* **TASK**: Two lines in the data below mark the range: the one with "学院纪委书记郑佳生通报了20" and the one with "近日,演员蔡欣洋与国内新兴影". Return both, along with every line between them, exactly.

##### DATA SECTION

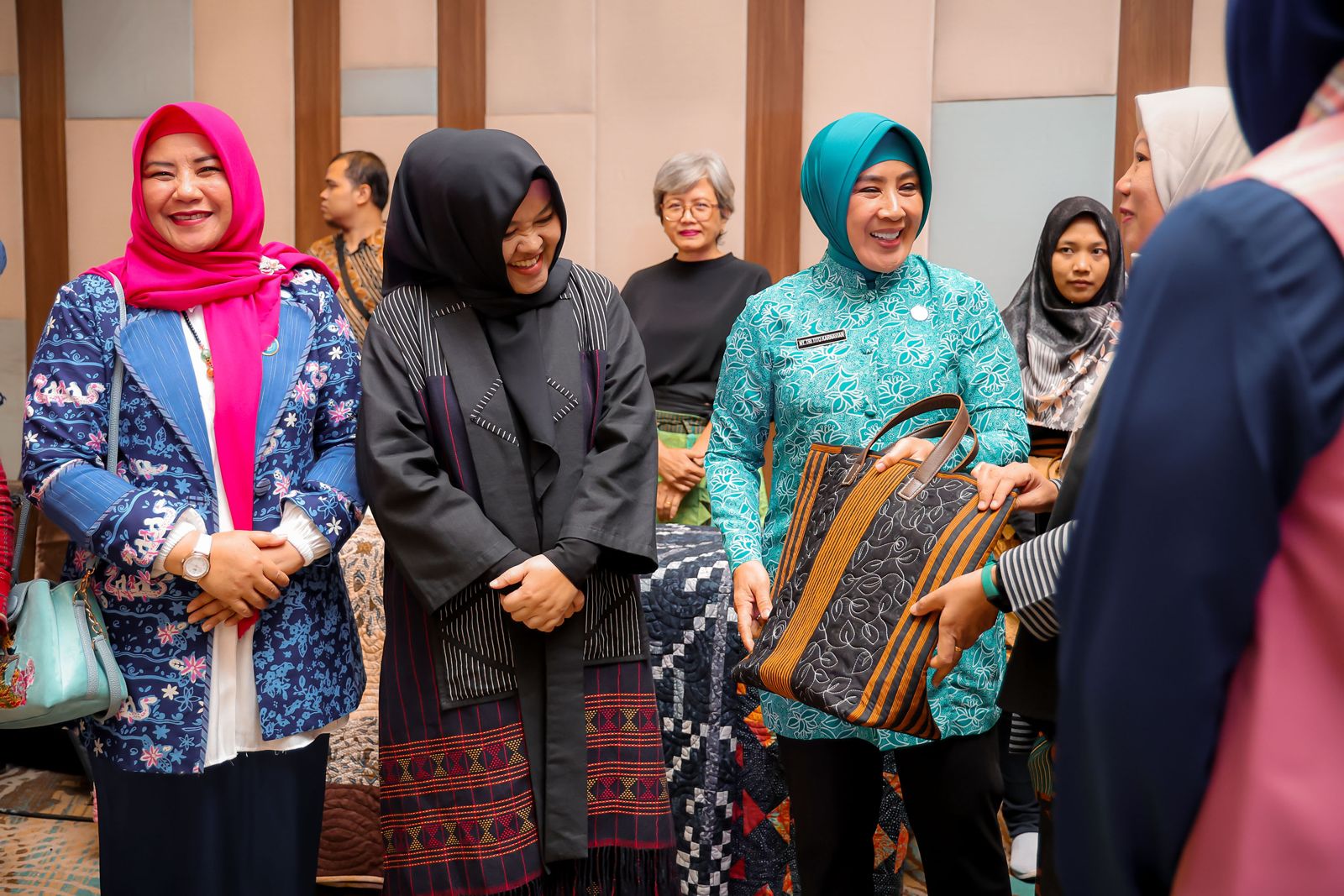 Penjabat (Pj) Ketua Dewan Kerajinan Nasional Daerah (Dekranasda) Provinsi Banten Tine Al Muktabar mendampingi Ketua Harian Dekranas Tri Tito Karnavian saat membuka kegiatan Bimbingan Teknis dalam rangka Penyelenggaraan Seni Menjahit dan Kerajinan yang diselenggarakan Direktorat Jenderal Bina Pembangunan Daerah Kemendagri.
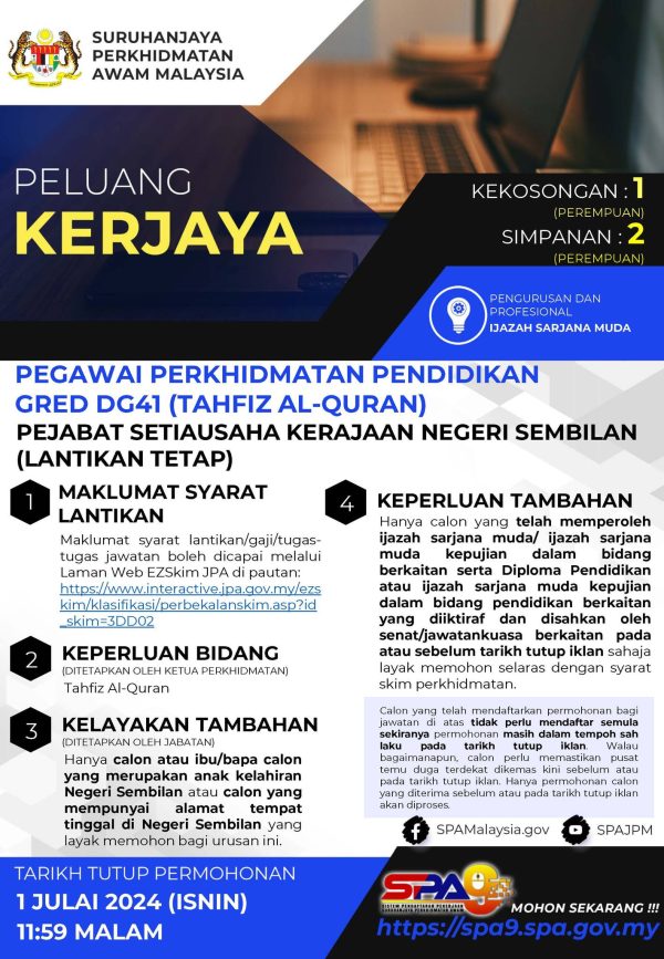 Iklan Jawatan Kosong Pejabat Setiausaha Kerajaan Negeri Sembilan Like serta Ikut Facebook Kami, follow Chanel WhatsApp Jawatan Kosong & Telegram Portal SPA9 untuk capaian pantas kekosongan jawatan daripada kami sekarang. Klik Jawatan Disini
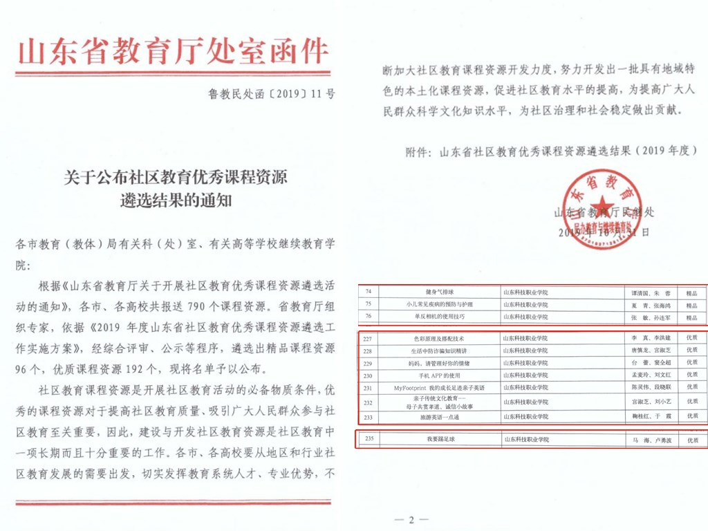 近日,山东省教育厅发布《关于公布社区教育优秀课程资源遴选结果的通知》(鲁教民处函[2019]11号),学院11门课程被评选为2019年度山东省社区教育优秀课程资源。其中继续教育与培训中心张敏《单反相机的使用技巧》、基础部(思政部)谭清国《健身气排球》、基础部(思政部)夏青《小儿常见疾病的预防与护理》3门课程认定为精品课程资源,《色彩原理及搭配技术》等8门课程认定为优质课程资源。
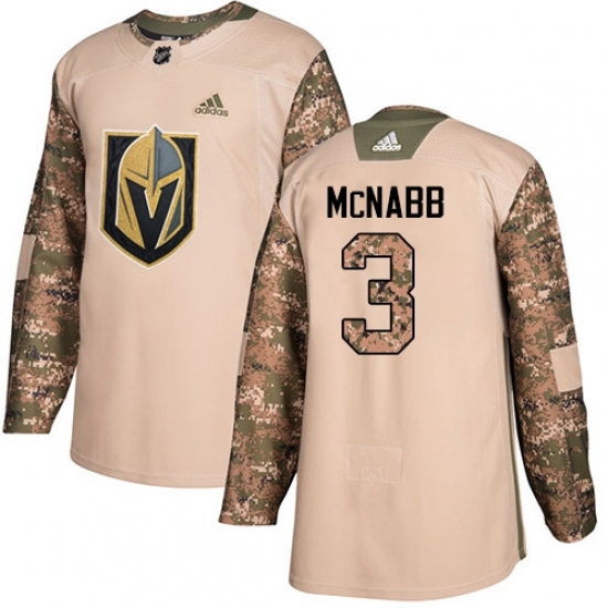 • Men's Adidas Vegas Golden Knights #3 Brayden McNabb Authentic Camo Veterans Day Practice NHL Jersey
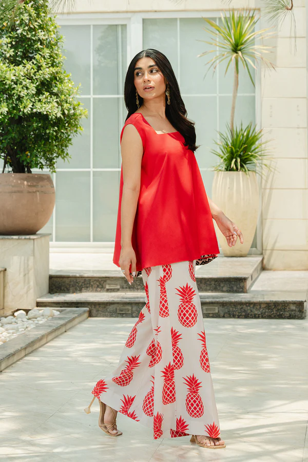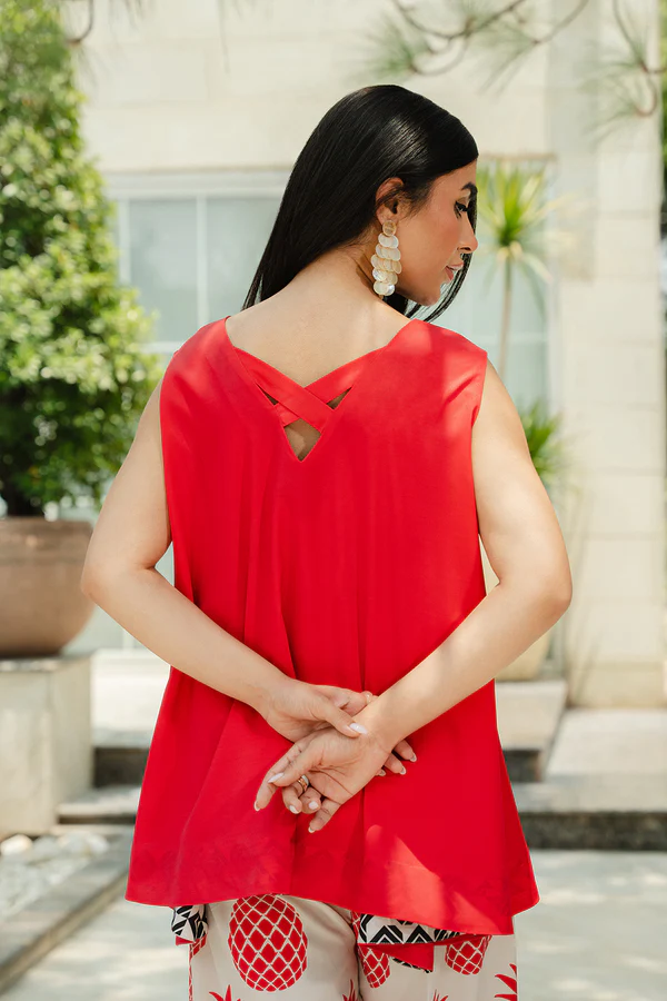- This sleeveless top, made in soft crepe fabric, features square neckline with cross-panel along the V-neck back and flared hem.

##########
##### DATA SECTION

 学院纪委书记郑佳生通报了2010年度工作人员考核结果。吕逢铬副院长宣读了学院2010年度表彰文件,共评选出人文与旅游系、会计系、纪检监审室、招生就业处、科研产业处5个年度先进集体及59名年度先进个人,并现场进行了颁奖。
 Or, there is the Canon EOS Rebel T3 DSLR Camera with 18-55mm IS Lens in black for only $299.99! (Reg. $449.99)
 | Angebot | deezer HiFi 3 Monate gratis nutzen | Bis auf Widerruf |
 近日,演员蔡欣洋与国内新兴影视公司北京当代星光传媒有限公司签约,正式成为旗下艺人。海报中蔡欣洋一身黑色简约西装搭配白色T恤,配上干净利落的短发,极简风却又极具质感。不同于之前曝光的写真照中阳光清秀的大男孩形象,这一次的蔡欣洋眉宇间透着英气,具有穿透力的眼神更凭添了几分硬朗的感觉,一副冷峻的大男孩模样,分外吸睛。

##########
##### DATA SECTION

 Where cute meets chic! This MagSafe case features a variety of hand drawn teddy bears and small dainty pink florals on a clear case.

##########

* **ANSWER TO THIS TASK**:
 学院纪委书记郑佳生通报了2010年度工作人员考核结果。吕逢铬副院长宣读了学院2010年度表彰文件,共评选出人文与旅游系、会计系、纪检监审室、招生就业处、科研产业处5个年度先进集体及59名年度先进个人,并现场进行了颁奖。
 Or, there is the Canon EOS Rebel T3 DSLR Camera with 18-55mm IS Lens in black for only $299.99! (Reg. $449.99)
 | Angebot | deezer HiFi 3 Monate gratis nutzen | Bis auf Widerruf |
 近日,演员蔡欣洋与国内新兴影视公司北京当代星光传媒有限公司签约,正式成为旗下艺人。海报中蔡欣洋一身黑色简约西装搭配白色T恤,配上干净利落的短发,极简风却又极具质感。不同于之前曝光的写真照中阳光清秀的大男孩形象,这一次的蔡欣洋眉宇间透着英气,具有穿透力的眼神更凭添了几分硬朗的感觉,一副冷峻的大男孩模样,分外吸睛。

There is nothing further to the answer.